EXERCISE REQUIREMENTS ▸
All of the data, word for word and free of pictures, is the expected result.

INFORMATION PROVIDED ▸
----
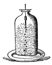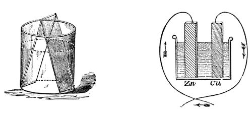 I want you to understand that this property of gravitation is never lost, that every substance possesses it, that there is never any change in the quantity of it; and, first of all, I will take as illustration a piece of marble. Now this marble has weight—as you will see if I put it in these scales; it weighs the balance down, and if I take it off, the balance goes back again and resumes its equilibrium. I can decompose this marble and change it, in the same manner as I can change ice into water and water into steam. I can convert a part of it into its own steam easily, and shew you that this steam from29 the marble has the property of remaining in the same place at common temperatures, which water-steam has not. If I add a little liquid to the marble, and decompose it6, I get that which you see—[the Lecturer here put several lumps of marble into a glass jar, and poured water and then acid over them; the carbonic acid immediately commenced to escape with considerable effervescence]—the appearance of boiling, which is only the separation of one part of the marble from another. Now this [marble] steam, and that [water] steam, and all other steams gravitate, just like any other substance does—they all are attracted the one towards the other, and all fall towards the earth; and what30 I want you to see is, that this steam gravitates. I have here (fig. 2) a large vessel placed upon a balance, and the moment I pour this steam into it, you see that the steam gravitates. Just watch the index, and see whether it tilts over or not. [The Lecturer here poured the carbonic acid out of the glass in which it was being generated into the vessel suspended on the balance, when the gravitation of the carbonic acid was at once apparent.] Look how it is going down. How pretty that is! I poured nothing in but the invisible steam, or vapour, or gas which came from the marble, but you see that part of the marble, although it has taken the shape of air, still gravitates as it did before. Now, will it weigh down that bit of paper? [Placing a piece of paper in the opposite scale.] Yes, more than that; it nearly weighs down this bit of paper. [Placing another piece of paper in.] And thus you see that other forms of matter besides solids and liquids tend to fall to the earth; and, therefore, you will accept from me the fact—that all things gravitate, whatever may be their form or condition. Now here is another chemical test which is very31 readily applied. [Some of the carbonic acid was poured from one vessel into another, and its presence in the latter shewn by introducing into it a lighted taper, which was immediately extinguished.] You see from this result also that it gravitates. All these experiments shew you that, tried by the balance, tried by pouring like water from one vessel to another, this steam, or vapour, or gas, is, like all other things, attracted to the earth.
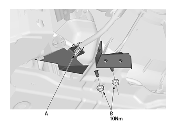 1.使用10mm套筒拆卸暖风系统PTC支架上的固定螺栓 (A)。 2.使用12mm套筒拆卸暖风系统PTC支架固定螺栓(B)。 |
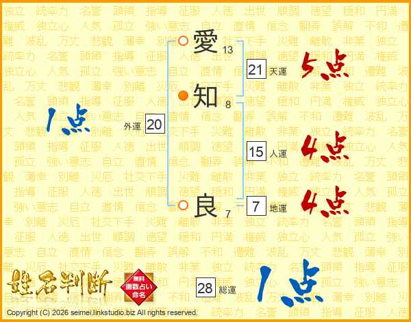 生活面を象徴する運勢です。外部から受ける影響力を表し、結婚運、家庭運や職場、環境への順応性を表します。総運から人運を引いた画数。姓や名が1文字の場合を除く。
----
FINAL ANSWER ▸
 I want you to understand that this property of gravitation is never lost, that every substance possesses it, that there is never any change in the quantity of it; and, first of all, I will take as illustration a piece of marble. Now this marble has weight—as you will see if I put it in these scales; it weighs the balance down, and if I take it off, the balance goes back again and resumes its equilibrium. I can decompose this marble and change it, in the same manner as I can change ice into water and water into steam. I can convert a part of it into its own steam easily, and shew you that this steam from29 the marble has the property of remaining in the same place at common temperatures, which water-steam has not. If I add a little liquid to the marble, and decompose it6, I get that which you see—[the Lecturer here put several lumps of marble into a glass jar, and poured water and then acid over them; the carbonic acid immediately commenced to escape with considerable effervescence]—the appearance of boiling, which is only the separation of one part of the marble from another. Now this [marble] steam, and that [water] steam, and all other steams gravitate, just like any other substance does—they all are attracted the one towards the other, and all fall towards the earth; and what30 I want you to see is, that this steam gravitates. I have here (fig. 2) a large vessel placed upon a balance, and the moment I pour this steam into it, you see that the steam gravitates. Just watch the index, and see whether it tilts over or not. [The Lecturer here poured the carbonic acid out of the glass in which it was being generated into the vessel suspended on the balance, when the gravitation of the carbonic acid was at once apparent.] Look how it is going down. How pretty that is! I poured nothing in but the invisible steam, or vapour, or gas which came from the marble, but you see that part of the marble, although it has taken the shape of air, still gravitates as it did before. Now, will it weigh down that bit of paper? [Placing a piece of paper in the opposite scale.] Yes, more than that; it nearly weighs down this bit of paper. [Placing another piece of paper in.] And thus you see that other forms of matter besides solids and liquids tend to fall to the earth; and, therefore, you will accept from me the fact—that all things gravitate, whatever may be their form or condition. Now here is another chemical test which is very31 readily applied. [Some of the carbonic acid was poured from one vessel into another, and its presence in the latter shewn by introducing into it a lighted taper, which was immediately extinguished.] You see from this result also that it gravitates. All these experiments shew you that, tried by the balance, tried by pouring like water from one vessel to another, this steam, or vapour, or gas, is, like all other things, attracted to the earth.
 1.使用10mm套筒拆卸暖风系统PTC支架上的固定螺栓 (A)。 2.使用12mm套筒拆卸暖风系统PTC支架固定螺栓(B)。 |
 生活面を象徴する運勢です。外部から受ける影響力を表し、結婚運、家庭運や職場、環境への順応性を表します。総運から人運を引いた画数。姓や名が1文字の場合を除く。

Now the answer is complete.